The Pareto analysis makes the vital QIs reveal themselves in conjunction with both frequencies of occurrences and cumulative percentages. Indeed, the Pareto approach provides a leading way to identify current data and to see which of them might be precursors in continual quality improvement. In line with the Pareto rule, based on descending order of the frequency percentage, the ranking of the cumulative percentage unveils both the most frequent QIs and the least frequent QIs. For this reason, in this study, the Pareto analysis was performed to find out vital and useful quality indicators. As seen in Figure 2, the results of the Pareto analysis made based on data given in Table 4 show that the most frequent QIs are “vital” indicators with 80.78%, while the remaining 19.22% represent the “useful” QIs.
In this study, a total of 34 research articles that evaluated user satisfaction in green office buildings based on real data were reviewed. 37 quality indicators were identified from the case study review. These indicators, in descending order based on their percentage of occurrence, are ranked, and Pareto analysis is applied. The most notable feature of the analysis is that the Pareto chart, which is also expressed as a quality tool, can be used to show how many times the data occurred by prioritizing in a hierarchical order. According to the Pareto approach, while the “vital few” items comprise a significant percentage of the cumulative occurrences (80 per cent), the “useful many” are attributed to only the remaining per cent (20 per cent) of the occurrences. In this sense, “vital few” items can be defined as key quality indicators (kQIs), whereas “useful many” items can represent potential ones that are likely to be significant indicators in the future. As a result of the Pareto analysis for 37 QIs, the “vital few” (80.78 %) group consists of 23 key quality indicators, while the remaining 14 (19.22 %) indicators are determined as the “useful many” group. This result means that 23 vital few quality indicators were found to be responsible for a greater effect than many other 14 useful quality indicators.

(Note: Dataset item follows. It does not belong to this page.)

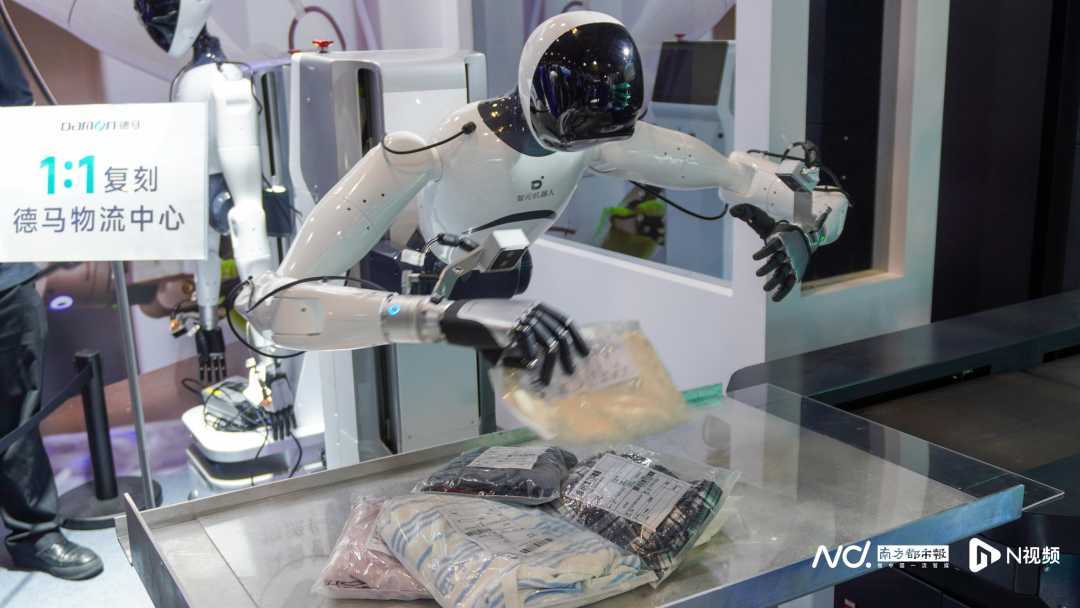 7月27日,智元和智能物流装备提供商德马(688360.SH)合作,直播演示机器人的分拣能力。WAIC展厅内,智元1:1复刻了德马物流中心的作业场景。置身其中的轮式人形机器人精灵G1用五指灵巧手抓起快递包裹,在条码扫码设备配合下录入信息。国外人形机器人明星公司Figure AI此前也发布过类似作业的视频。

Of 23 vital few quality indicators, the ten most prominent key quality indicators respectively are as follows: “QI-1:Overall perceived thermal quality”, “QI-8: Overall perceived air quality”, “QI-12: Overall perceived lighting quality”, “QI-17: Overall acoustic quality”, “QI-34- The perceived feeling of health and wellbeing”, “QI-35: The perceived feeling of productivity”, “Q-I2: Temperature in winter”, “Q-I3: Temperature in summer”, “QI-22-Personal control on temperature”, “QI-13-Natural lighting (daylight)”. Overall perceived thermal quality was found to be the most prominent quality indicator, with the frequency of occurrence 29 times.
This study fills the gap in the quality improvement of green office buildings. It provides an insight on key quality indicators to a certain extent for more accurately increasing user satisfaction in green office buildings, but it still has some limitations. For example, this study focused on finding out key quality indicators for only green office buildings, but there are limited researches which evaluate user satisfaction based on real data in green office buildings. For this reason, the impact of quality indicators on user satisfaction levels cannot be sufficiently extracted from the literature dataset.
Quality indicators worthy of consideration for enhancing user satisfaction can be explored for other types of green buildings through analysing case studies. In future research, further analyses need to explore quality indicators, and their effects on user satisfaction can also be extended to other types of buildings, such as residential buildings, healthcare buildings, educational buildings, etc.